住環境が変わることで、心身の状態が改善することも

――実際にホームホスピスに入居されている方や、ご家族からはどのような声が寄せられていますか。

市原:日本財団が2025年に行った「ホームホスピスにおける入居者へのケアの効果に関する調査」によると、入居者のご家族からは「本⼈らしい⽣活の実現度が向上した」 「⾝体的な状態が改善した」という結果が出ています。また、認知症の悪化などを懸念されていた方からは、悪化することがなく、むしろ状態を維持することができたという声もありました。

榊原:一例ですが、先日、「ホームホスピスこまつ」で最期を迎えた女性がいらっしゃいました。その方は、さまざまな事情から家庭で暮らすことができない子どもたちを養育するファミリーホームを運営していた方でした。5年前に脳腫瘍を患い、抗がん剤治療が困難になった段階で私たちの施設に入居しまして、これまで里親として関わってきた子どもたちをはじめ、多くの方が面会に訪れました。

その方が亡くなる少し前、ご家族の一人からこのような言葉をいただいたんです。

「おはようございます。おかげさまで、母との大切な時間を家族全員で過ごすことができております。あと少し、母のファミリーホームの子どもたちに残す最後の関わりまで、見守っていきたいと思います」

この言葉が本当にうれしく、深く心に残っています。ホームホスピスは、入居者の方がこれまで築いてきた関係性も含めて、残された家族に与えてくれる場所なのだと実感しました。
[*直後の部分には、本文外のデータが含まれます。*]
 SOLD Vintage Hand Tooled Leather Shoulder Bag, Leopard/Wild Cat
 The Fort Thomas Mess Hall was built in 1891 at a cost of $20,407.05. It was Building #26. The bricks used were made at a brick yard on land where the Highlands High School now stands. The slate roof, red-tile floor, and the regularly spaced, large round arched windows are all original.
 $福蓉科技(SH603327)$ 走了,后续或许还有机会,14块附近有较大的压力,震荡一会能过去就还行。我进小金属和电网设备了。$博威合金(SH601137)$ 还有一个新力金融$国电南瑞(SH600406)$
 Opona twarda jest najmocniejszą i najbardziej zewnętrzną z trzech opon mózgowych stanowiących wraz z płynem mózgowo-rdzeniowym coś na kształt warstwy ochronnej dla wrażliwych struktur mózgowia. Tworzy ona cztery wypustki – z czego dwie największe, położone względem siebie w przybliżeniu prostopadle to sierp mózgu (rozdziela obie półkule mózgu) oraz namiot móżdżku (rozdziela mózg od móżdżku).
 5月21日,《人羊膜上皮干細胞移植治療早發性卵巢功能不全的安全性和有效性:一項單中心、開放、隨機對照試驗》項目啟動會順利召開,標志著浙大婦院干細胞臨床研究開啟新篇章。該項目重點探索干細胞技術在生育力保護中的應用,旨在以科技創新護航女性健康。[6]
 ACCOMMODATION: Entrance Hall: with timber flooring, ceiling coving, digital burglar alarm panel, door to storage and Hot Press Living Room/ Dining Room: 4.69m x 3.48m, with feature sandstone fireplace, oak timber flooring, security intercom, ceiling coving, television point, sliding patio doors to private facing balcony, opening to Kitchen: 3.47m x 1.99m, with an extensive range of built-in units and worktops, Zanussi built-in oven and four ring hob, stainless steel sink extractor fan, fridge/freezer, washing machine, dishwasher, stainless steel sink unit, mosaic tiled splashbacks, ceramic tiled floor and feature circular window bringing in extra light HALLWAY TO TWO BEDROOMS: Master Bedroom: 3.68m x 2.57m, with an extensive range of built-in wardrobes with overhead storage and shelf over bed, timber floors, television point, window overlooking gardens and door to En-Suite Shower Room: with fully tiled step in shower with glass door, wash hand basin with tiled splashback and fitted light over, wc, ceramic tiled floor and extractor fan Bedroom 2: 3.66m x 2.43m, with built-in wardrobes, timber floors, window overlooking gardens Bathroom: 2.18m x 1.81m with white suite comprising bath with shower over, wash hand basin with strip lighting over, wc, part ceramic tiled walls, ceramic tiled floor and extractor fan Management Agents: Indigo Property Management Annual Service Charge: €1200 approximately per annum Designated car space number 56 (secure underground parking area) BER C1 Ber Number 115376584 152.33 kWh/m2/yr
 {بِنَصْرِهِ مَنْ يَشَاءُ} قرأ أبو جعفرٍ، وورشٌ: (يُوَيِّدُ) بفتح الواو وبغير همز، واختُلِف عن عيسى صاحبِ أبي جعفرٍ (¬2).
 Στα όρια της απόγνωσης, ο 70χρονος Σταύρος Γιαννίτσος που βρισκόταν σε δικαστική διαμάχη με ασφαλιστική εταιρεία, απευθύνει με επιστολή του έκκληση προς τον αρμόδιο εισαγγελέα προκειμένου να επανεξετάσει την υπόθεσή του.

――別の施設からホームホスピスへ移られた方で、何か変化がありましたら教えてください。

榊原:私の父の話をさせてください。私の故郷は小松から15時間も離れた愛媛の宇和島です。父は86歳で心筋梗塞を起こし、その後心不全や骨折が続き、認知症も発症しました。ほぼ寝たきりの状態で、お腹の調子も悪く、おむつが手放せない状況でした。

2024年の3月から5月まで、毎週末15時間かけて宇和島の病院に面会に帰っていました。15時間かけて行っても面会時間はたった15分です。5月の連休に家族でとことん話し合い、娘のいる「ホームホスピスこまつ」で過ごすのがいいということになったんです。

入居当初は「お父さん」と呼びかけても反応がなく、視線も合いませんでした。方言もなかなか通じなくて困っている時に、スタッフが足浴をしながら「武田さんはなんて呼ばれてたんですか?」と聞いてくれて、「たけさんと呼ばれとったよ」「私たちもたけさんて呼んでいいですか?」「ええよ」と。

すると、みるみる表情に生気が戻ってきたんです。適切なケアはもちろんですが、とも暮らしの場で、家族のような関係が築かれていったからだと思います。

驚くことに、ほとんど寝たきりだった父が歩けるまで回復し、トイレで排泄できるようにまでなりました。

遠く離れていたので、父との関係はぎくしゃくした時期もありましたが、ホームホスピスで過ごした3カ月間は、父らしく娘らしく、やり直せた貴重な時間だったと感じています。

榊原さん(写真左端)が実際にホームホスピスで働いている模様。画像提供:全国ホームホスピス協会

市原:榊原さんのお父様は、ホームホスピスに移ってから、「ビールを飲みたい」と言うようになったり、愛用していた眼鏡や時計も身に着けるようになっていったそうです。こうした変化はホームホスピスでは珍しいことではないんですよ。